The Мечты. Весна по соседству (СИ) - Светлая Марина
- Здрасьть!
- А я говорила! Я когда еще предупреждала! А Женька твоя дура, связалась с бандитом, так и знала, что добром не кончится! И ведь как в воду глядела!
Андрей Никитич поджал губы, кивнул и резко дернул дверь, чтобы ее захлопнуть перед самым носом почтенного старожила их благороднейшего особняка.
- Эй-эй-эй! Никитич! – загрохотал бузотер Василий, подставив ногу, чтобы остановить неминуемое и оттого судьбоносное закрытие. – Дело-то серьезное! Решать надо!
- Обороты сбавьте – тогда и будем решать, - рявкнул Малич.
- Ну прости, не подумала! Хотя она у тебя все равно дура! – заголосила баба Тоня с покаянным видом. – Но нас же правда достанут теперь! И заступиться некому, самим надо.
Андрей Никитич скрежетнул зубами. И все-таки спросил:
- Что значит, выселяют?
- Да то и значит! Явились тут из отдела культуры... может, даже прямо из министерства приехали... Ну что мы на пороге! В дом-то пусти!
- Ну вас к черту, проходите! Но чтобы при Женьке и пикнуть не смели.
- Она что же? Еще не на работе? – удивилась баба Тоня, которой все про всех надо знать.
- Ну если бы вы смотрели на часы, то обратили бы внимание, что рабочий день начнется еще через полтора часа! Может быть, не бродили бы с утра пораньше по чужим хатам.

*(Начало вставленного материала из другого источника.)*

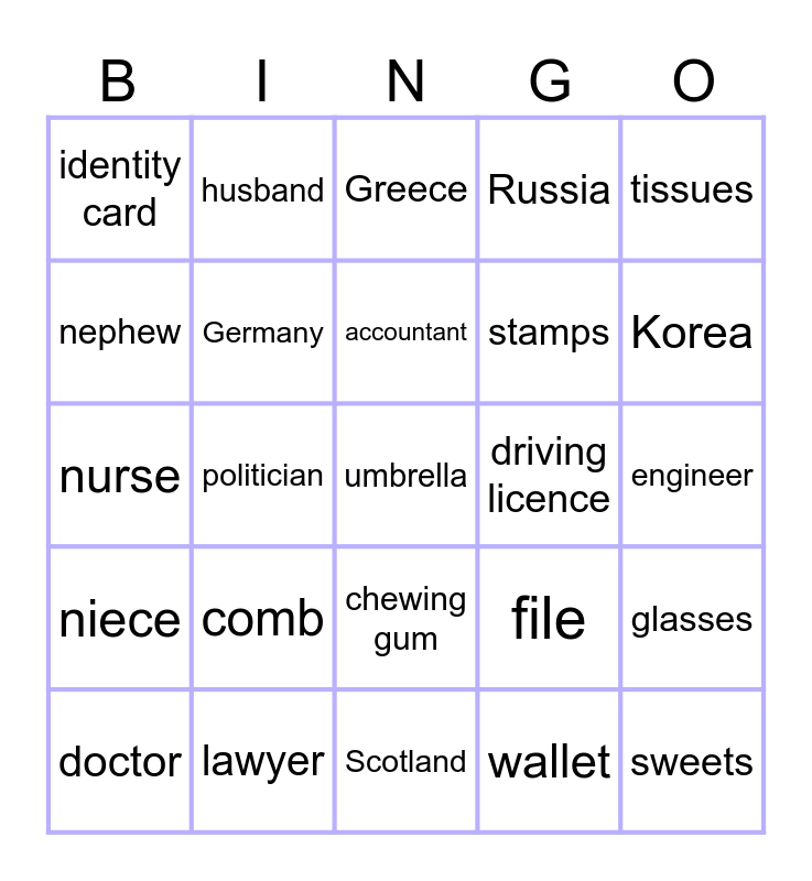 This bingo card has 30 words: lawyer, businesswoman, politician, actress, identity card, Greece, Germany, chewing gum, driving licence, Scotland, engineer, umbrella, wallet, sweets, Korea, hairdresser, file, niece, comb, tissues, nurse, waiter, husband, stamps, nephew, Russia, glasses, doctor, accountant and Ireland.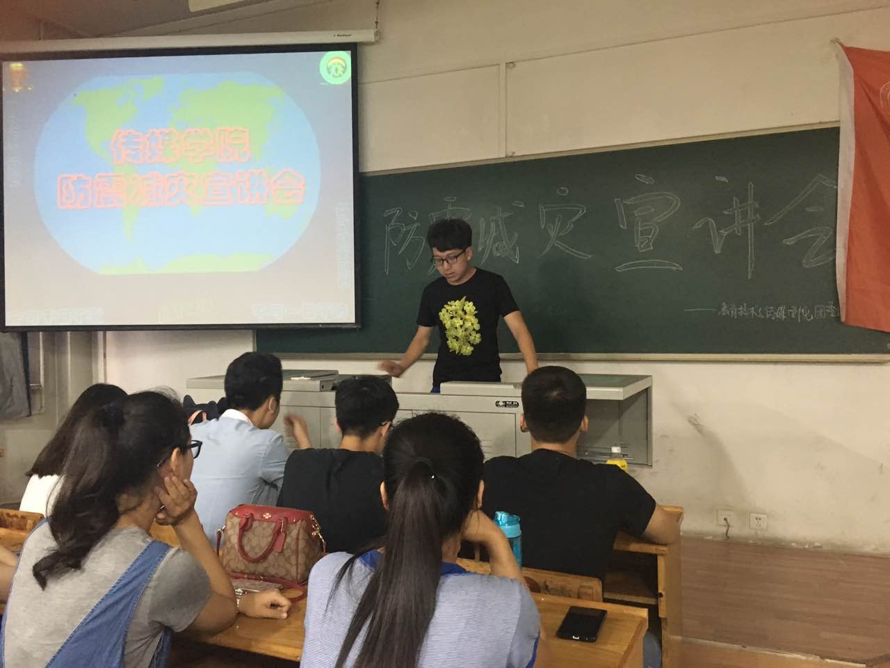 为提高同学们遇险自救能力,普及防震减灾知识,在5.12全国防灾减灾日来临之际,我院团委于5月11日晚在10216教室举办了防震减灾宣讲会,大一各班班委和入党积极分子参加了此次宣讲会。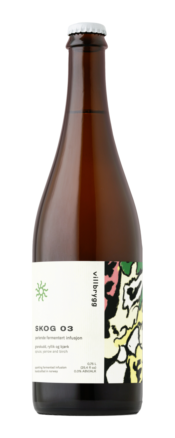 SKOG 03 er en perlende frisk botanisk drikk med noter av sitrus, ingefær og barnål. Den er laget av en fermentert infusjon av granskudd, sitrongress, ryllik og bjørkeblader.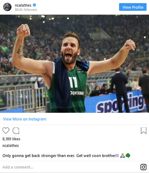 Ο Νικ Καλάθης με μήνυμά του στα social media εξέφρασε τη συμπαράστασή του στον Νίκο Παππά, ο οποίος υπέστη ρήξη πρόσθιου χιαστού στη σημερινή προπόνηση και θα χάσει το υπόλοιπο της σεζόν.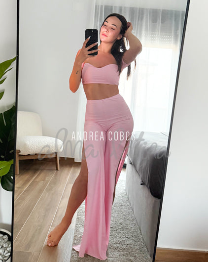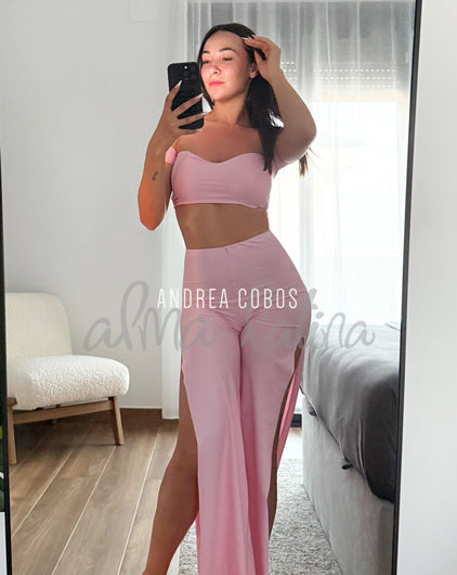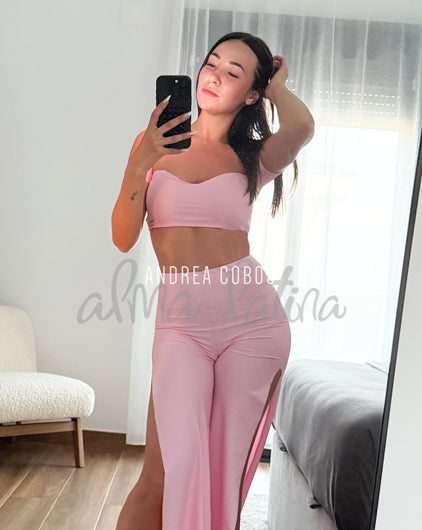 Pantalones de baile rosa con abertura en el lateral. Con pata ancha, cintura alta y fruncido push-up entre los glúteos.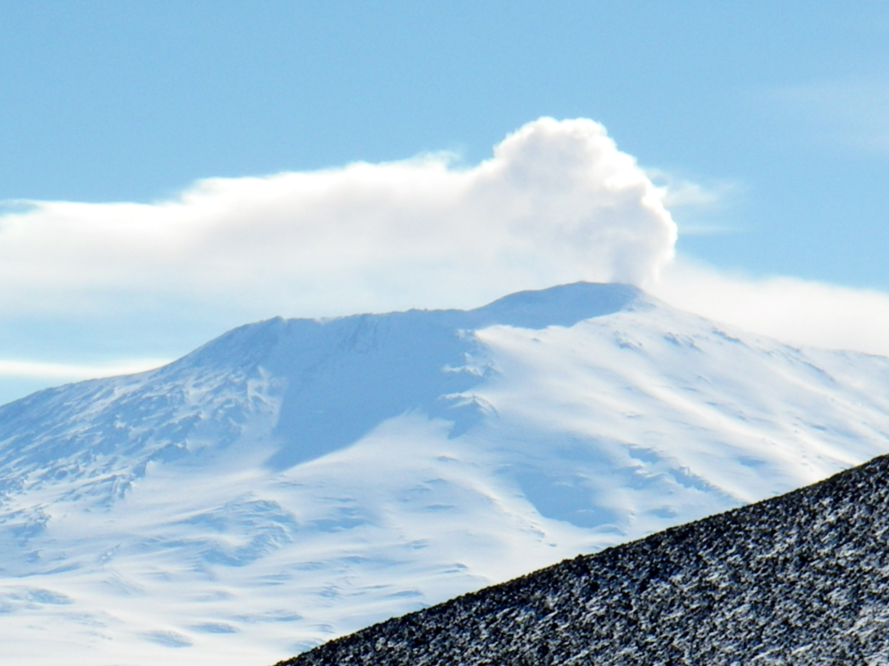 Mt. Erebus smoking, looking west from Cape Armitage, Ross Island, Antarctica.
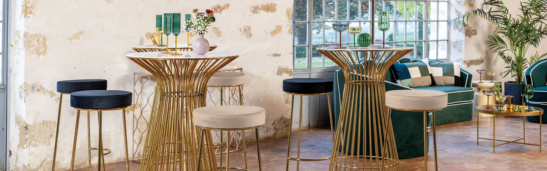 En intérieur, les fauteuils en velours et canapés en velours apportent une assise confortable et une ambiance cosy, adaptée aux espaces d’accueil, lors de mariages ou salons professionnels et aux espaces lounge quel que soit l'événement.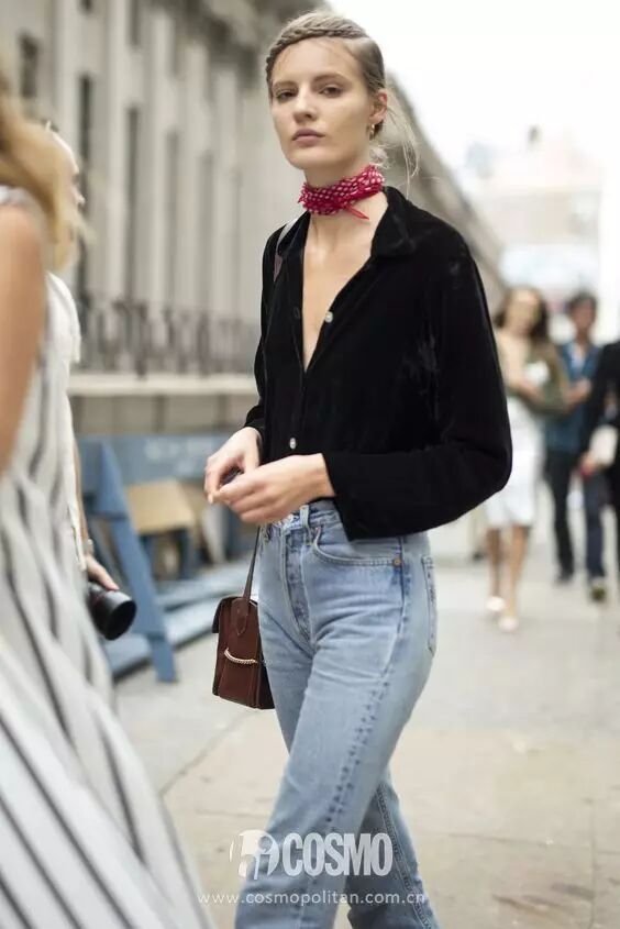 开领的丝绒质感衬衫也很适合搭配颜色较浅的牛仔裤,再搭配一些亮色系的配饰点睛。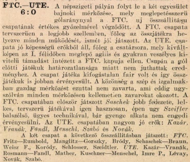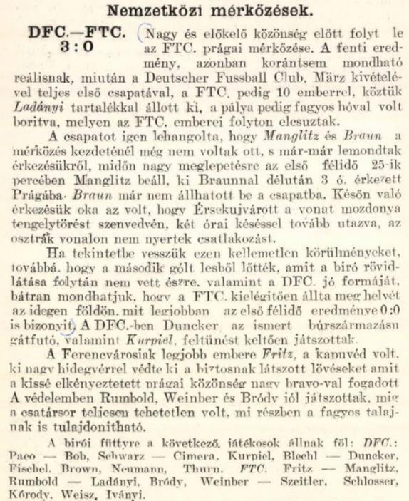Bár a bajnoki mérkőzések befejeződtek, az őszi szezon még nem ért véget, voltak meghívások, kötelezettségek. A meghívások egyike Prágából érkezett, ahová revans-mérkőzésre várták az FTC-t. Sikerült is a revans a Deutscher Fussball Clubnak, biztosan győzték le a tartalékos és az első 25 percben emberhátrányban játszó ferencvárosiakat. Miért volt emberhátrány? Banális ok miatt, a nem a csapattal utazó Manglitz nem érkezett meg pontosan a kezdésre, mert a vonat, amelyikkel utazott tengelytörést szenvedett, a tervezett csatlakozást lekéste. Ilyen is volt akkoriban!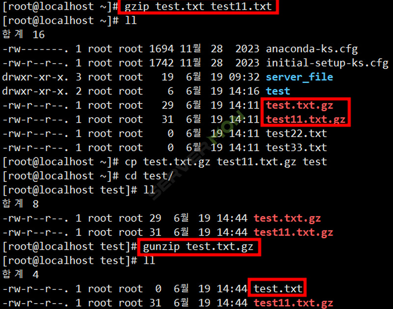 gzip 명령어는 GNU zip의 약어로 gzip 명령어를 통해 압축이 성공하면 기존 원본 파일은 모두 사라지고 .gz 확장자를 가진 파일을 새롭게 생성한다.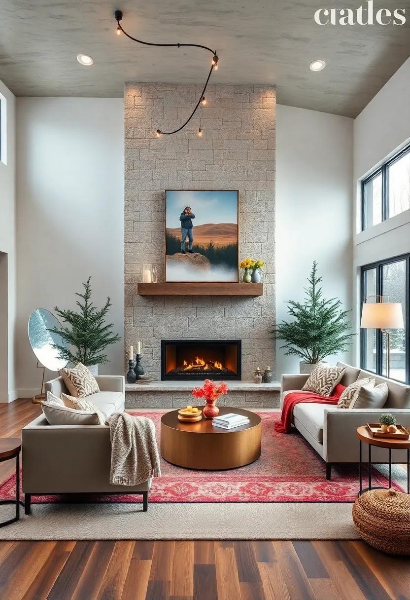 Transform your living room into a sleek sanctuary with a wall-mounted electric fireplace that combines warmth and modern minimalism. This contemporary focal point not only saves space but adds a polished edge to your winter retreat. Surround the fireplace with built-in shelving that embraces both function and festive charm. Think matte black or crisp white shelves that display a curated collection of winter-themed books—from frosty poetry to cozy mysteries—perfect for curling up with on chilly nights.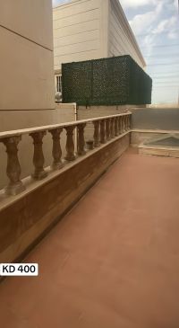 For rent: An apartment in Hitteen, first floor with elevator, large area, deluxe finishing. It consists of two bedrooms, a living room, a fully equipped kitchen, a maid's room, three bathrooms, and a parking space. Rent is 400 dinars, available for divorced women. For contact.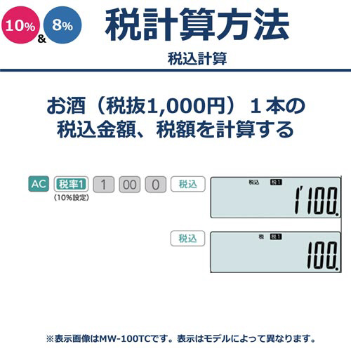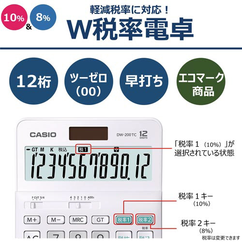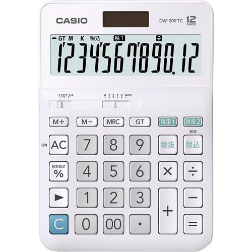 ●演算状態表示:有、四捨五入:有、税計算:有、切り捨て:有、検算:無、切り上げ:無、早打ち:有、3桁区切り、税率2通り設定、マルチ%、四則定数計算、概数計算、桁下げ、2つの税率計算可能、傾斜表示、オートパワーオフ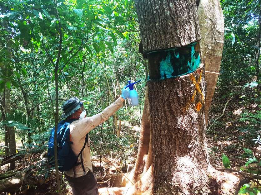 Les agents écorcent une partie de l’arbre avant d’utiliser du colorant pour marquer les arbres en cours de traitement.Lors de la dernière campagne d’élimination menée au Col de Tonghoué, à Dumbéa, le bilan de l’abattage des arbres s’est révélé peu probant, puisque les agents ont constaté quelques mois après "une reprise importante de la croissance et de rejets".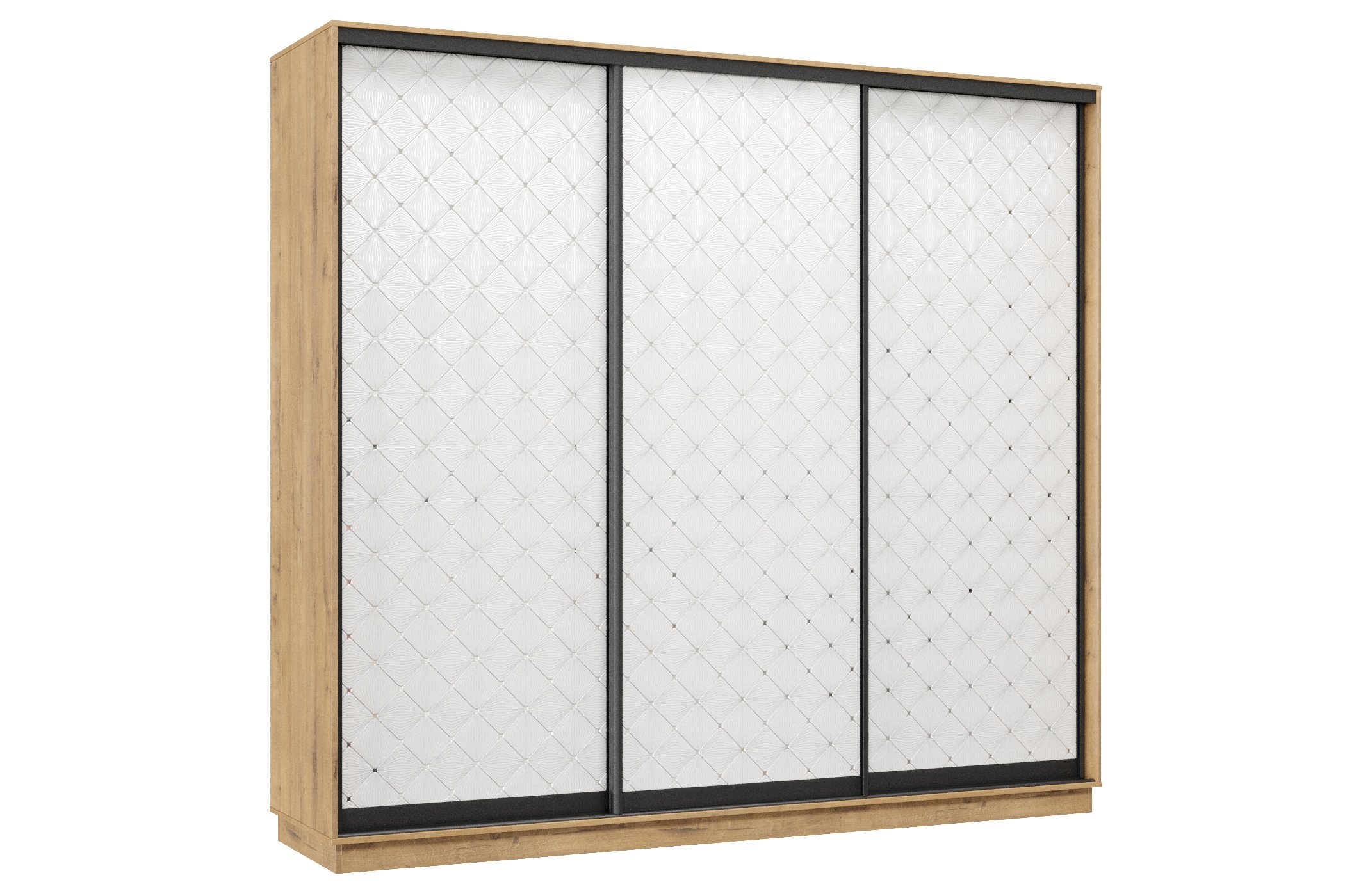 Шкаф-купе Премьер 34 (01РБ;01РБ;01РБ) фасады ромб белый/трёхдверный/Профиль чёрный муар (Бунратти)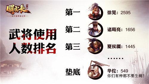 这次谈到武将使用次数,真的很出乎意料。在《关云长》手游的三国世界里,玩家可以任意切换三国武将上阵杀敌,而首测的数十位英豪当中,偏偏是貌不起眼的徐晃徐公明成为了第一,这也让排名垫底的三国第一名医“华佗”老先生很是生气。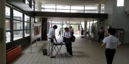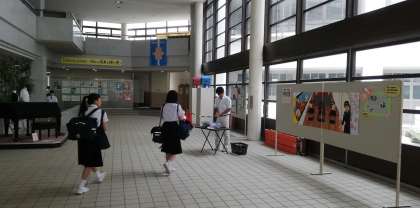 玄関ホールにぞくぞくと生徒が集まっています。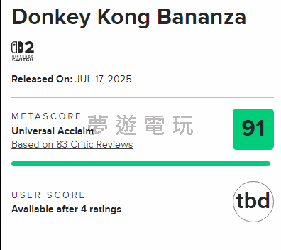 任天堂Switch 2(NS2)的遊戲陣容,在近期迎來了一位重量級的新星:《咚奇剛:蕉力全開》。這款備受期待的作品甫一上市,便在全球權威評分網站Metacritic上斬獲驚人的91分高分,並獲頒「MUST PLAY」(必玩遊戲)殊榮
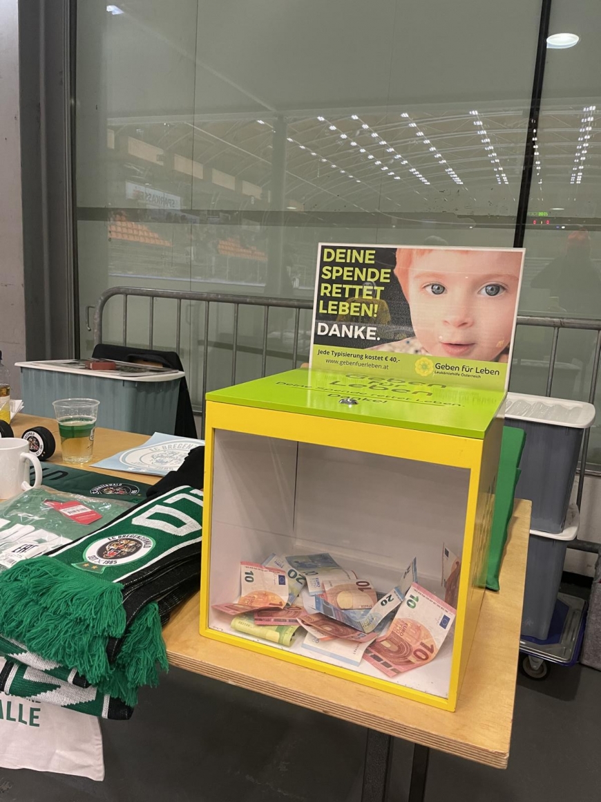 Am 5. Oktober fand im Messestadion Dornbirn im Rahmen des Spiels zwischen dem EC Bregenzerwald und den Zeller Eisbären eine Typisierungsaktion für die kleine Maria aus Lustenau statt. 56 potenzielle „LebensretterInnen“ konnten an diesem Abend gewonnen werden, die Spieler beider Mannschaften gingen hier mit gutem Beispiel voran. Zusätzlich spendeten die Fans stolze € 1.800,-.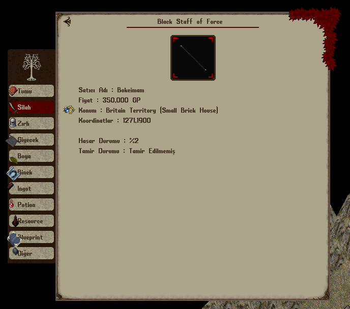 Eğer eşya bir silah ise, hasar durumu ve tamir durumu bilgilerini inceleyebilirsiniz.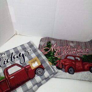 Christmas Placemat Lot of 4 Red Truck Tree Fabric 18" x 12.5" 2 Patterns

Разувайтесь давайте!
Когда живописная процессия из трех человек входила на кухню, Женя с завтраком все еще не справилась. На очереди были бутерброд с маслом, чай и варенье. А она всерьез размышляла, куда бы девать все это богатство, чтобы папа не заметил, а ей не пришлось есть.
- Здрасьте, - кивнула она соседям, пользуясь возможностью отвлечься от еды, и спросила у отца: - Что еще стряслось-то?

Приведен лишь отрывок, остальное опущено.